Poza Dariuszem K. zatrzymano też Wojciecha T., byłego członka zarządu spółek energetycznych związanego m.in. z PGE i Energą. "Czynności mają związek ze śledztwem prowadzonym wspólnie z Prokuraturą Okręgową w Warszawie przeciwko Sławomirowi N. i innym osobom podejrzanym o przestępstwa korupcyjne oraz udział w zorganizowanej grupie przestępczej" - napisało CBA w komunikacie.
Jak oficjalnie podkreślają służby, śledztwo prowadzą nie tylko polskie organy ścigania, ale także Specjalna Prokuratura Antykorupcyjna w Kijowie oraz Narodowe Antykorupcyjne Biuro Ukrainy. Według śledczych, Dariusz K. miał zapłacić Sławomirowi Nowakowi za swoją posadę w sumie 200 tys. zł.
Co miesiąc Sławomir N. przyjmował w gotówce kilka tysięcy złotych. Dariusz K. płacił mu jako osobie, która zapewniała polityczne wsparcie - zdradza informator Interii zbliżony do CBA. Następnie środki trafiały do "skarbonek". To systemowe, niesamoistne działania. Na trop wpadliśmy dzięki audytowi z 2016 r. - dodaje.
O jaki audyt chodzi? To badanie spółek Skarbu Państwa, które Kamiński zapowiadał we wrześniu 2016 r. W komunikatach prasowych podawano, że będzie dotyczył przede wszystkim bieżącego działania państwowych firm. Jak usłyszała Interia, audytorzy sięgnęli jednak wstecz.
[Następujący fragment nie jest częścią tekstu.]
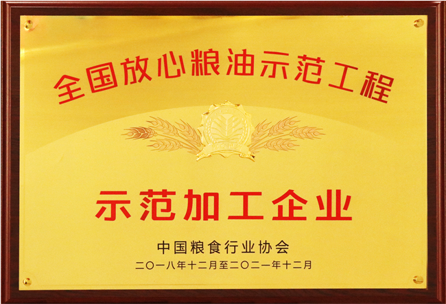 2018年12月-2021年12月中國糧食行業(yè)協(xié)會授予“全國放心糧油示范工程示范加工企業(yè)”

Umowy analizowano szczegółowo, wcale nie były tylko bieżące. Wszystko szło wstecz. I tak pojawił się temat dziwnych umów w Orlenie - mówi źródło Interii. Na podstawie tego audytu CBA "zahaczyło" się i zaczęli badać sprawę krok po kroku. Doszli do ogromnej afery korupcyjnej w wyniku, której zatrzymano Nowaka. Przekazano bardzo mocne informacje Ukraińcom - podkreśla.
Zdaniem informatorów Interii, "sprawy bieżące są łatwiejsze niż te sprzed lat". Dlatego Nowak został zatrzymany na podstawie bieżących zarzutów dotyczących jego działalności na Ukrainie - zdradza źródło Interii.
Faktem jest, że audyt nie ujrzał dotąd światła dziennego. Niemniej jeszcze w 2016 r. Mariusz Kamiński zapowiadał konkretne działania. Na podstawie tych analiz będą też typowane kontrole CBA - jeszcze przed czterema laty podkreślał minister koordynator służb specjalnych,
Dariusz K. - według śledczych - wręczał łapówki regularnie w latach 2012-2016 za pośrednictwem "osoby trzeciej", także zatrzymanej przez CBA. W jego imieniu pieniądze miał przekazywać Leszek K.
Wojciech T. miał przekupić Sławomira Nowaka dwukrotnie. Raz, gdy Nowak był jeszcze szefem gabinetu u premiera Donalda Tuska, by załatwić sobie stanowisko w PGE, a kolejny raz - gdy Nowak pełnił już funkcję ministra transportu. Kilkadziesiąt tysięcy złotych łapówki miało mu zapewnić stanowisko w zarządzie Energi.